Re: Unless each micro-op is 0.67 bytes long, the trace cache is definitely bigger than 8K.
X86 instructions are decoded into one or more micro-ops. Hence the use of the term "micro-op", which replaces the term instruction, when referring to what comes out of the trace cache, in Intel's case, or the decoder, in AMD's case.
I don't know the mean number of micro-ops generated, per instruction, in a typical instruction stream, but it's clearly more than one. Harvard architecture chips almost always have same sized instruction and data caches, so an 8K equivalent is about what one would expect from a reasonable design.
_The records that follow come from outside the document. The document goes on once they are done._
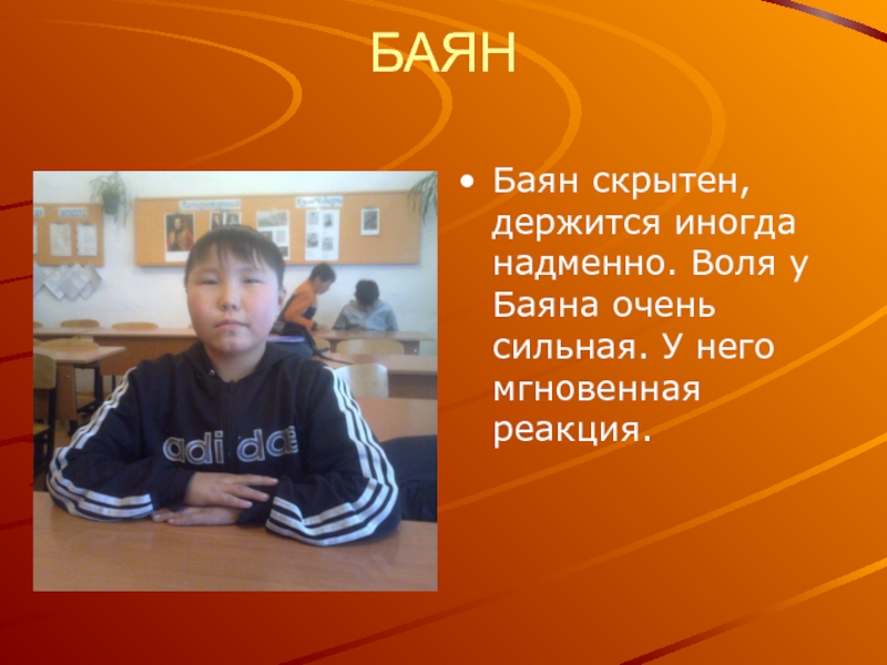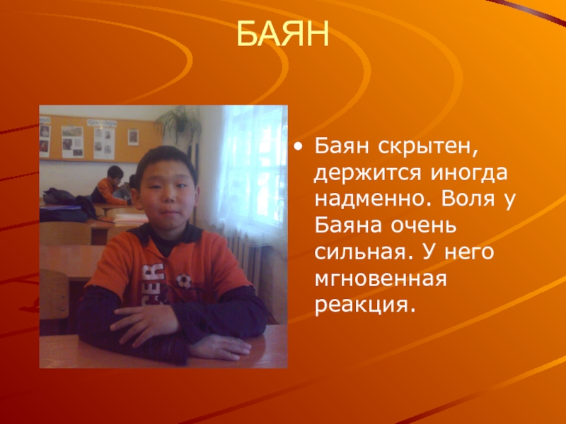 Баян скрытен, держится иногда надменно. Воля у Баяна очень сильная.
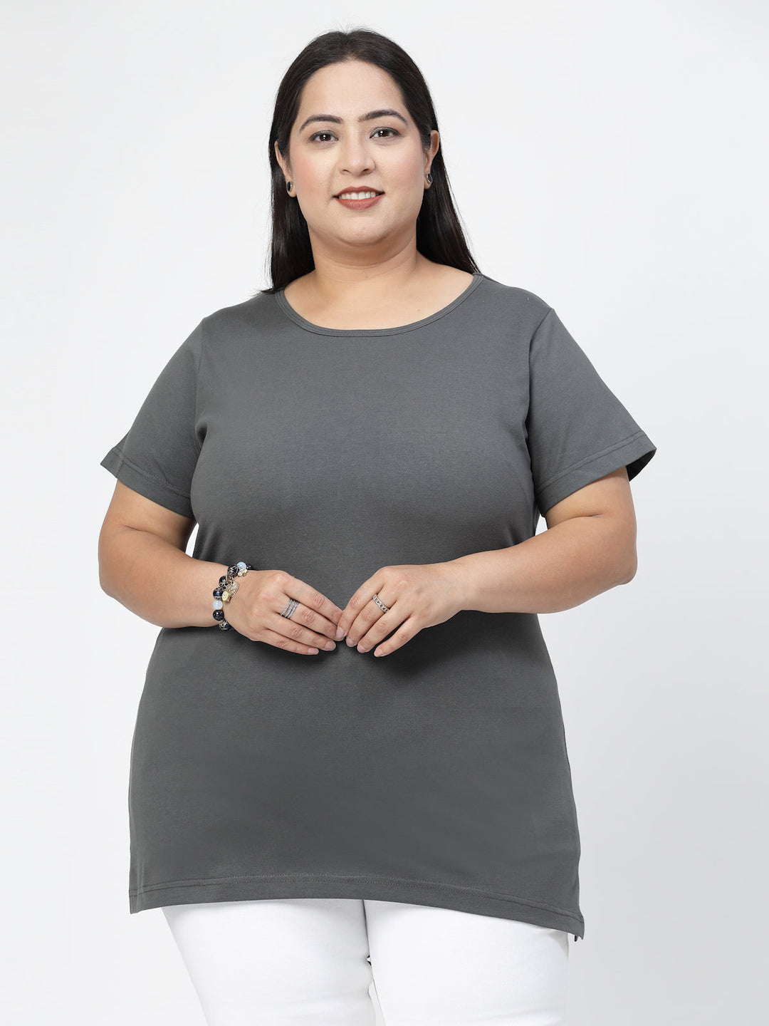 Plus Size Round Neck Short Sleeves Cotton Regular Fit T-shirt
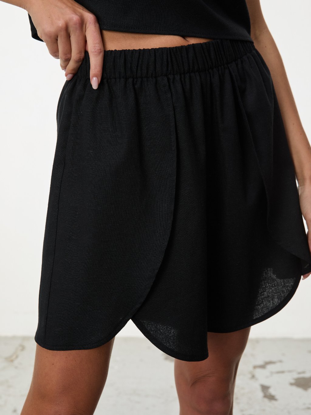 Vzdušné lněné kraťasy s jemnými rozparky po stranách dodávají siluetě volnost a nenucenou eleganci.
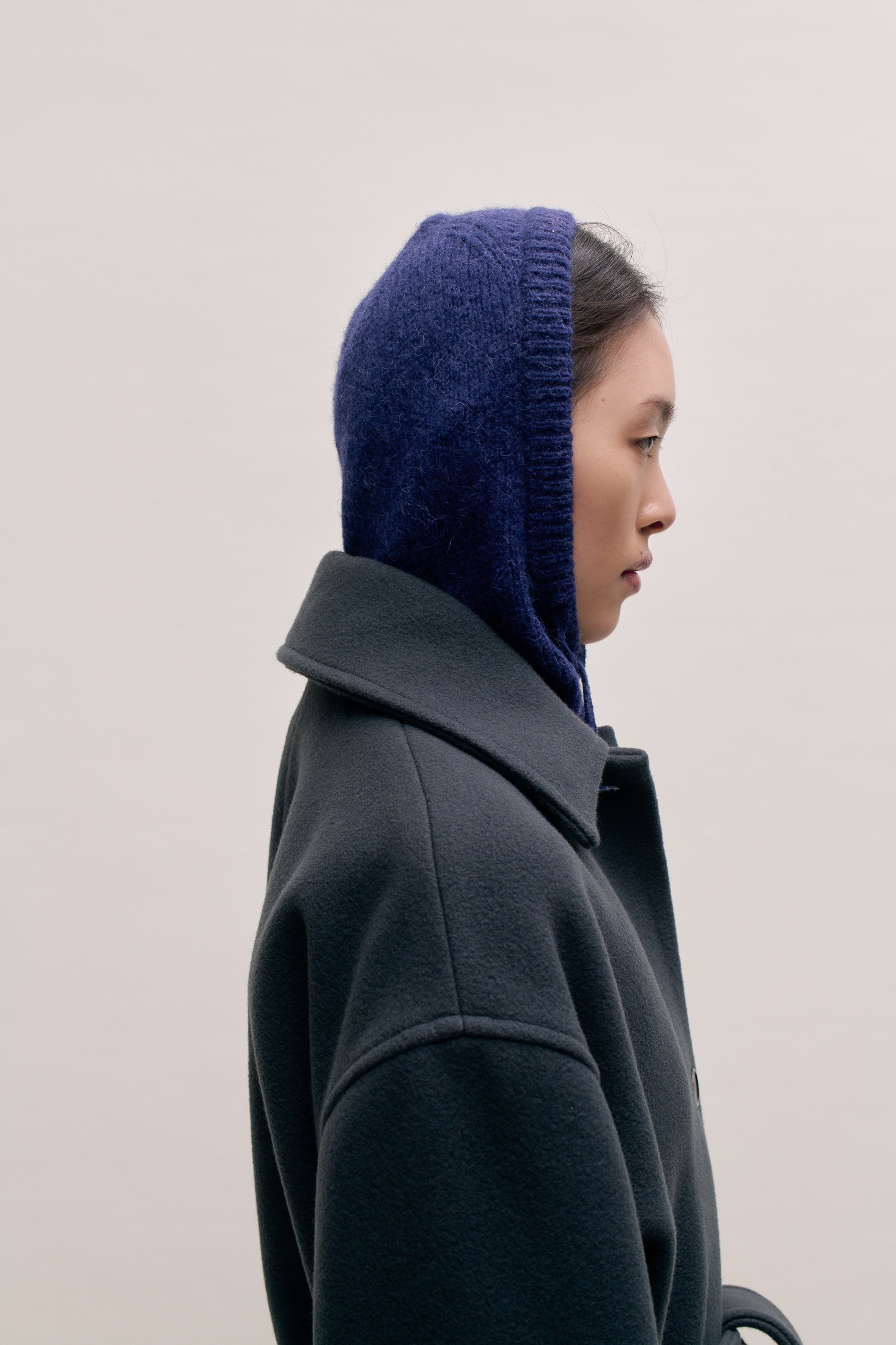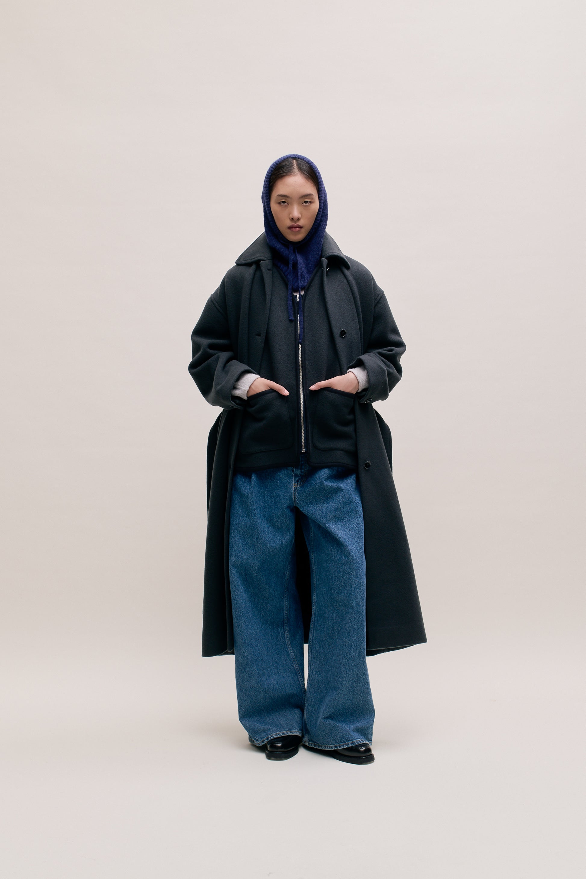 FABRIC: A heavy, brushed wool-cashmere blend with a dense, supple structure. Thick and warm, it offers a soft touch and rich insulation for cold weather comfort.

Intel claims it's the equivalent of an "8K up to 16K cache." The X86 mixed length instruction architecture is pretty space efficient, if not always so efficient in terms of memory access performance and decoding. I suppose that if the compiler had optimzed the instructions for fetching by padding everything out to 32 bytes (which is done), and the code was filled with very short, very simple, instructions that usually decoded into a single micro op, you could come up with compiler output padded out to the point that there were fewer micro-ops per byte than macro ops.
But notion that 12K micro-ops is the same as 12k instructions (or macro ops) isn't correct. That P4's trace cache holds the approximate equivalent of 8K instructions is probably about as close as we're going to get as a description of its relative size, and would be consistent with the design decisions that Intel has made on all of their other CPUs. |